This directory contains the lyrics data and the code for lyrical feature modeling from our paper that have been accepted to the 23rd International Society for Music Information Retrieval Conference (ISMIR 2022). Due to the privacy issues here we share only the partial implementation discussed in our paper.
To reuse this repo, install the requested libraries
pip install -r requirements.txt
In this directory, we have added the initial artist page names
that were liked by the LikeYouth (read more about this data here) participants on Facebook. Also, we have provided the best obtained LDA model file and the topic visualisation (.html) file.

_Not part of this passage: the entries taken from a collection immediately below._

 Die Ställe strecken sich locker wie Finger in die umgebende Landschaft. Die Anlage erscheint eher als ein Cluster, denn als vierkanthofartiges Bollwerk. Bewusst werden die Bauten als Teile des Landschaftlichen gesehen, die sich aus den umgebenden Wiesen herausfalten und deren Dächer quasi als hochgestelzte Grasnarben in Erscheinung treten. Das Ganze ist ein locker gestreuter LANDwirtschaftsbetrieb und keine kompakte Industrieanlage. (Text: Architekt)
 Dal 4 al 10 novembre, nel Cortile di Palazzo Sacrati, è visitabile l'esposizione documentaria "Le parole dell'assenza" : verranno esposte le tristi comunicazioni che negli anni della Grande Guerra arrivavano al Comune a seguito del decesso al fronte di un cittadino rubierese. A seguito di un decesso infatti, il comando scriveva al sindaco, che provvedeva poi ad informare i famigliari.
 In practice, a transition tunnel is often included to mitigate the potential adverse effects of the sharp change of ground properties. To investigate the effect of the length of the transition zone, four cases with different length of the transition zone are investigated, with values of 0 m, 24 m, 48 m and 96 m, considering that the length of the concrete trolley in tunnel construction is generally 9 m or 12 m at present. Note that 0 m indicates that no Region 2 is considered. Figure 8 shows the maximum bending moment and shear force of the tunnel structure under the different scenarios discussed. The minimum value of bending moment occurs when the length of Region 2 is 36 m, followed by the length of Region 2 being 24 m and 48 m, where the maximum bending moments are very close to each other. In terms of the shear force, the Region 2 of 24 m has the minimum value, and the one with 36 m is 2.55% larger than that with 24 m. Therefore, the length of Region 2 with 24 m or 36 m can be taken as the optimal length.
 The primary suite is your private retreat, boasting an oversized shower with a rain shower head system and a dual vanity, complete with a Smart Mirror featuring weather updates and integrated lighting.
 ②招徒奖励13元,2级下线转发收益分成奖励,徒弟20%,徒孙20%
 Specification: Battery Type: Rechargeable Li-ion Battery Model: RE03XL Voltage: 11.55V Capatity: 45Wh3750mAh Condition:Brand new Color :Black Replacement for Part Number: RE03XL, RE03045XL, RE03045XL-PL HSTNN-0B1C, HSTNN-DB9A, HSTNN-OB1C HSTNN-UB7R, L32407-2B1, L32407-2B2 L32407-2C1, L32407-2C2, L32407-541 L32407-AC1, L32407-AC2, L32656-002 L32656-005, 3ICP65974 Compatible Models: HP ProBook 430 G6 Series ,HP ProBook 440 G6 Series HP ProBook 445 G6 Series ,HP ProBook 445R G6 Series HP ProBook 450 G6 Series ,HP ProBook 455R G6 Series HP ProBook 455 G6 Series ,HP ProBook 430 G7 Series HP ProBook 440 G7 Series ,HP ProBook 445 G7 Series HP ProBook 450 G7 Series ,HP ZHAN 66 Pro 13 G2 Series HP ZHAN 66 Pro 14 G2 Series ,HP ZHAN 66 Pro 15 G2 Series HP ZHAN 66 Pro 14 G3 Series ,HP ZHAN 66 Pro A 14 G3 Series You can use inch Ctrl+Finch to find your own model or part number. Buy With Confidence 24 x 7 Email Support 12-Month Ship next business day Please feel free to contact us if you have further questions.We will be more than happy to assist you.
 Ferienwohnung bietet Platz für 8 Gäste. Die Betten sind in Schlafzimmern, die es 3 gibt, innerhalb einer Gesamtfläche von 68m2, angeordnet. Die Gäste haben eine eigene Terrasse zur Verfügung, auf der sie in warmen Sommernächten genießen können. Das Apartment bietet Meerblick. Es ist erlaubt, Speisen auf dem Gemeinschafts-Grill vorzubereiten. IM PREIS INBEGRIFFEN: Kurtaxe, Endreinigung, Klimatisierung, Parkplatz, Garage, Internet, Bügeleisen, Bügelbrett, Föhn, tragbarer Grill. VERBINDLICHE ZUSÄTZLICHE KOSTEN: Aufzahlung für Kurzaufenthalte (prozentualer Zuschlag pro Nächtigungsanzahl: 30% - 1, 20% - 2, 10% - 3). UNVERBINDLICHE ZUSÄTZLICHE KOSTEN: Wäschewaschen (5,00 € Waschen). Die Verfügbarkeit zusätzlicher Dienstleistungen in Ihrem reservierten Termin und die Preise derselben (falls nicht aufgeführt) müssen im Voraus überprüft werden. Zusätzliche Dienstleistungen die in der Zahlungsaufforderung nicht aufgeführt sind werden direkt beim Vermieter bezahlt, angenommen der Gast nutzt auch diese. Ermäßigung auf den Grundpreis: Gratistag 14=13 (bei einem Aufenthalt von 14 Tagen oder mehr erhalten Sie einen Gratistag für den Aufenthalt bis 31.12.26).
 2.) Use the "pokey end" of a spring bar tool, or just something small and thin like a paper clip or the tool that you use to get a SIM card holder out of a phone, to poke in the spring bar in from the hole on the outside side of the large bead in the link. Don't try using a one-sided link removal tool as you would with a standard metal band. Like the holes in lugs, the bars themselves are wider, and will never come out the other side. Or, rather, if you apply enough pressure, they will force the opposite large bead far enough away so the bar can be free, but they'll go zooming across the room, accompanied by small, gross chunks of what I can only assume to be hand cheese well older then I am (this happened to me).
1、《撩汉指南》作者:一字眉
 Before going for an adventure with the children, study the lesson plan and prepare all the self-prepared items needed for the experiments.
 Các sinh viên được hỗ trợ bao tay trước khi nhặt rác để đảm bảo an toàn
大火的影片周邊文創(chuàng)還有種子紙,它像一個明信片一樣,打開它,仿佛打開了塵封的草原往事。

To get access to artists' lyrics and the lyrics' content features, please download the data as a zip file
from the Lyrics_annotated_data hosted in the OSF directory. When cloning/downloading the repo, add the .csv files
into this directory to re-run the experiments we described. When using the initial artist_lyrics_initial_dt.csv
and re-running the scripts we have provided here, you should be able to reproduce the artist_lyrics_annot_vader_nrc_moralStrength_lda_final_dt.csv
we shared here.
The notebooks
directory contains the Jupyter scripts for obtaining lyrics features:
sentiment analysis with VADER, emotion associations with
NRC lexicon, moral scores with MoralStrength) lexicon and lyrics topics using LDA topic modeling.
Whereas, the py_scripts
folder contains the python code for lyrics scraping using Genius API cleaning and preprocessing and language detection using spaCy.